QuickClus

class quickclus.QuickClus(random_state: Optional[int] = None, n_neighbors: int = 15, min_cluster_size: int = 15, min_samples: Optional[int] = None, threshold_combine_rare_levels: float = 0.0, n_components: Optional[int] = None, scaler_type_numerical: str = 'standard', imputer_strategy_numerical: str = 'mean', transformation_type_numerical: str = 'power', umap_combine_method: str = 'intersection', n_neighbors_intersection_union: Optional[int] = None, verbose: bool = False)[source]

Creates UMAP embeddings and HDSCAN clusters from a pandas DataFrame with mixed data

Parameters

random_state (int, default = None) – Random State for both UMAP and numpy.random. If set to None UMAP will run in Numba in multicore mode but results may vary between runs. Setting a seed may help to offset the stochastic nature of UMAP by setting it with fixed random seed.
n_neighbors (int, default = 15) – Level of neighbors for UMAP. Setting this higher will generate higher densities at the expense of requiring more computational complexity.
min_cluster_size (int, default = 15) – Minimum Cluster size for HDBSCAN. The minimum number of points from which a cluster needs to be formed.
min_samples (int, default = None) – Samples used for HDBSCAN. The larger this is set the more noise points get declared and the more restricted clusters become to only dense areas. If None, min_samples = min_cluster_size
threshold_combine_rare_levels (float, default = 0.02) – To avoid an excessive increase in dimensionality when transforming categorical variables into-one hot encoding, rare levels can be combined. This value indicates the minimum proportion of a category that should not be combined into “other”.
n_components (int, default = None) – Number of components for UMAP. These are dimensions to reduce the data down to. Ideally, this needs to be a value that preserves all the information to form meaningful clusters. Default is the logarithm of total number of features.
imputer_strategy_numerical (str, default = "mean") – Imputation strategy for numerical variables. The values can be: “mean”, “median”, “most_frequent”
scaler_type_numerical (str, default = "standard") – Scaler strategy for numerical variables. The values can be: “robust” (RobustScaler), “standard” (StandardScaler)
transformation_type_numerical (str, default = "power") – Scaler strategy for numerical variables. The values can be: “power” (PowerTransformer), “quantile” (QuantileTransformer)
umap_combine_method (str, default = "intersection") – Method by which to combine embeddings spaces. Options include: intersection, union, contrast, intersection_union_mapper The latter combines both the intersection and union of the embeddings. See: https://umap-learn.readthedocs.io/en/latest/composing_models.html
n_neighbors_intersection_union (int, default = None) – Level of neighbors for UMAP to use to combine umaps embeddings if umap_combine_method = “intersection_union_mapper” If None, n_neighbors_intersection_union = n_neighbors
verbose (bool, defualt = False) – Level of verbosity to print when fitting and predicting. Setting to False will only show Warnings that appear.

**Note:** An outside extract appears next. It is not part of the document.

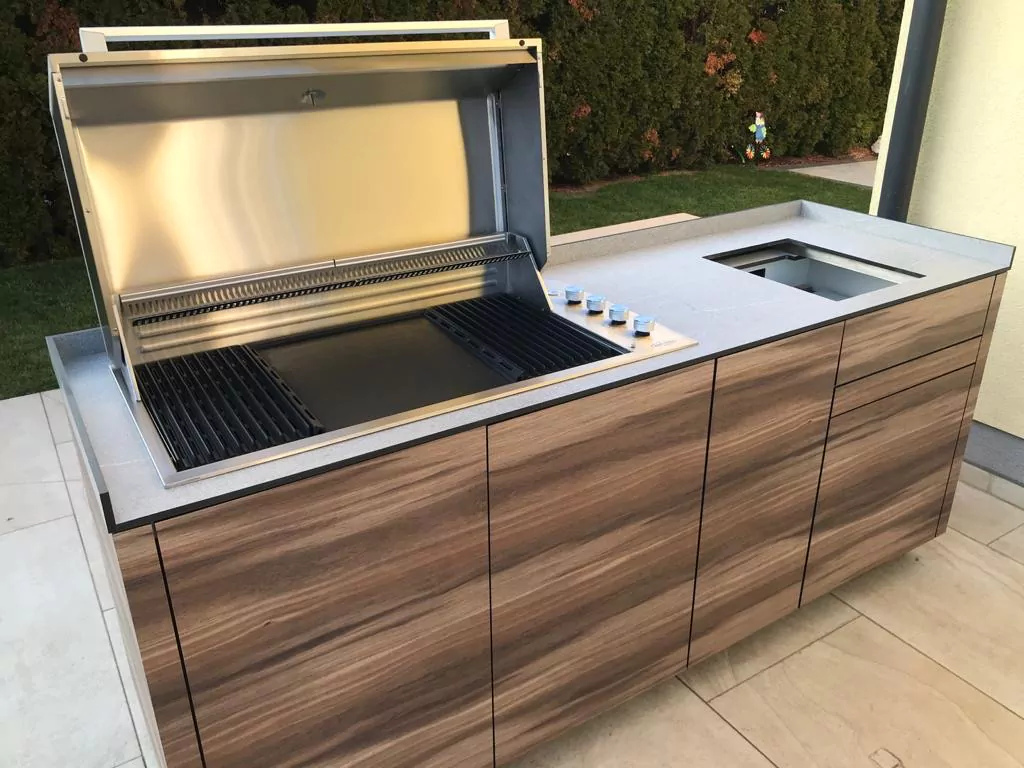 Gusto Grills offers premium outdoor BBQ kitchens with durable materials like HPL, aluminum alloy, and marble countertops. Built to withstand the elements, our kitchens combine style, durability, and lasting quality.
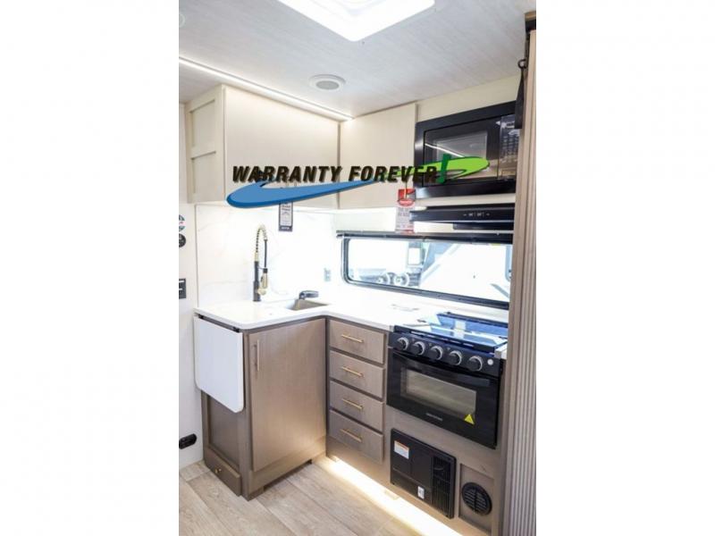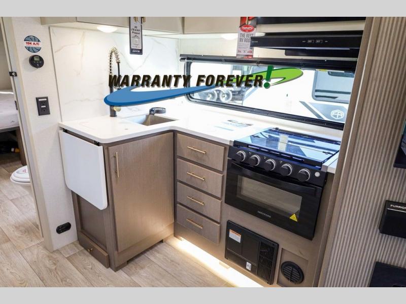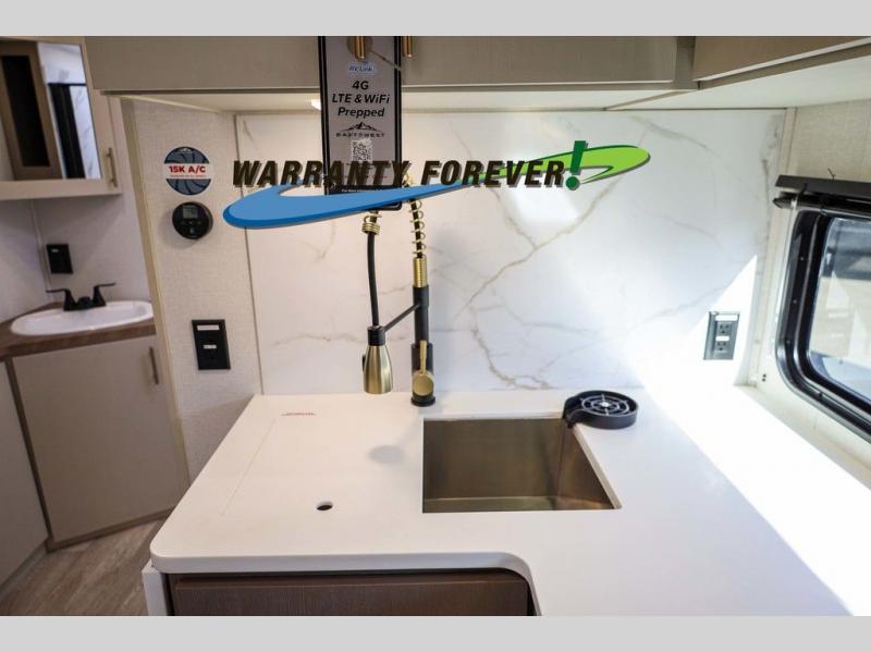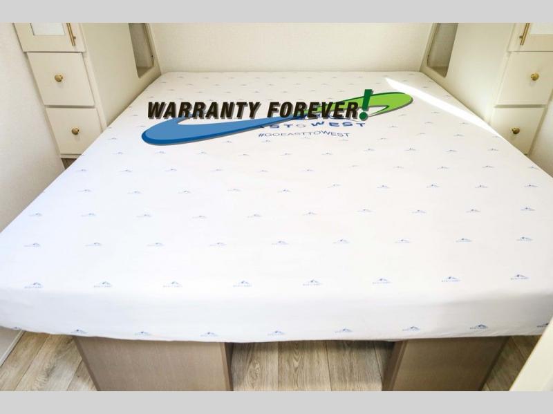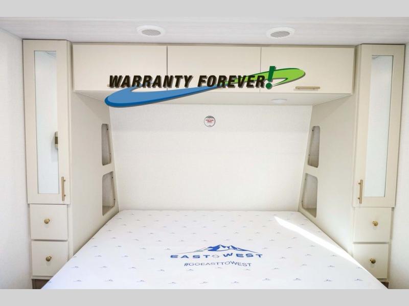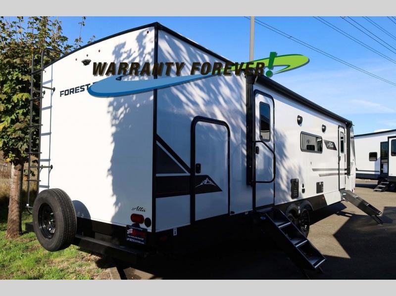 Each Alta travel trailer or toy hauler by EAST TO WEST is constructed with a 5" vacuum bonded roof, an enclosed and heated underbelly, and diamond plate front rock guard for added protection. Outside, you'll find marine-grade exterior speakers, a universal docking station, and back-up camera prep that can be added to make maneuvering in and out of campgrounds easier than ever. Inside, there are 4k interior LED lights, solid pressed membrane countertops, black roller shades, and many more interior comforts you are sure to love.

assing_results(data)[source]

Assings hdb_model’s labels to the original data

Parameters: data (pandas.DataFrame) – Original pandas DataFrame
Returns: results – new pandas dataframe with the calculated clusters
Return type: pandas.DataFrame

cluster_summary(results_df, metric='mean', include_cat=False)[source]

Creates a cluster’s summary of the numerical and/or categorical features

Parameters

results_df (pandas.DataFrame) – pandas dataframe with a cluster column
metric (str, default = "mean") – metric to use in the summary (mean/median/max/min)
include_cat (bool, default = False) – include the mode of the categorical variables

Returns

df_summary – New dataframe with the summary

Return type

pandas.DataFrame

describe_cluster(results_df, clusters=[0], columns_analyze_numerical=[], columns_analyze_categorical=[], metric='mean')[source]

Describes the selected clusters

Parameters

results_df (pandas.DataFrame) – pandas dataframe with a cluster column
clusters (list) – list with clusters to describe (int)
columns_analyze_numerical (list) – list of numerical columns to describe
columns_analyze_categorical (list) – list of categorical columns to describe
metric (str, default = "mean") – metric to use in the summary of numerical columns (mean/median)

Returns

None

Return type

None

fit(df: DataFrame) → None[source]

Fit function for call UMAP and HDBSCAN

Parameters: df (pandas DataFrame) – DataFrame object with named columns of categorical and numerics
Returns: Fitted – Fitted UMAPs and HDBSCAN
Return type: None

plot_2d_labels(plot_lib='matploblib', data=None)[source]

Plot the first two dimensions of the final embedding with the final clusters.

Parameters

plot_lib (str) – plot library to use (plotly, matplotlib)
data (pd.Dataframe) – pandas dataframe with the original data to show in the plot. Only used if plot_lib = “plotly”

Returns

fig – plotly fig or matplotlib

Return type

figure

plot_3d_labels(data)[source]

Plot the first three dimensions of the final embedding with the final clusters.

Parameters: data (pd.Dataframe) – pandas dataframe with the original data to show in the plot.
Returns: fig – plotly fig
Return type: plotly.graph_objs._figure.Figure

plot_condensed_tree()[source]

Plots the condensed tree of the model

Parameters: self.hdb_model – hdbscan model
Return type: None

plot_embedding_labels()[source]

Plots a jointplot with the model’s labels

Parameters

self.hdb_model – hdbscan model
self.umap_embedding – data’s umap embedding

Return type

None

tune_model(n_trials=100, min_cluster_start=0.01, min_cluster_end=0.15, min_samples_start=0.01, min_samples_end=0.15, max_epsilon=None)[source]

Tunes a hdbscan model maximizing the DBCV score (https://www.dbs.ifi.lmu.de/~zimek/publications/SDM2014/DBCV.pdf)

Parameters

n_trials (int, default = 100) – number of iterations
min_cluster_start (float, default = 0.01) – lowest value of min_cluster of the search space (proportion of data)
min_cluster_end (float, default = 0.15) – highest value of min_cluster of the search space (proportion of data)
min_samples_start (float, default = 0.01) – lowest value of min_samples of the search space (proportion of data)
min_samples_end (float, default = 0.15) – highest value of min_samples of the search space (proportion of data)
max_epsilon (float, default = None) – If a value is provided, an optimal epsilon is searched between 0 and max_epsilon

Returns

optimized hdbscan

Return type

None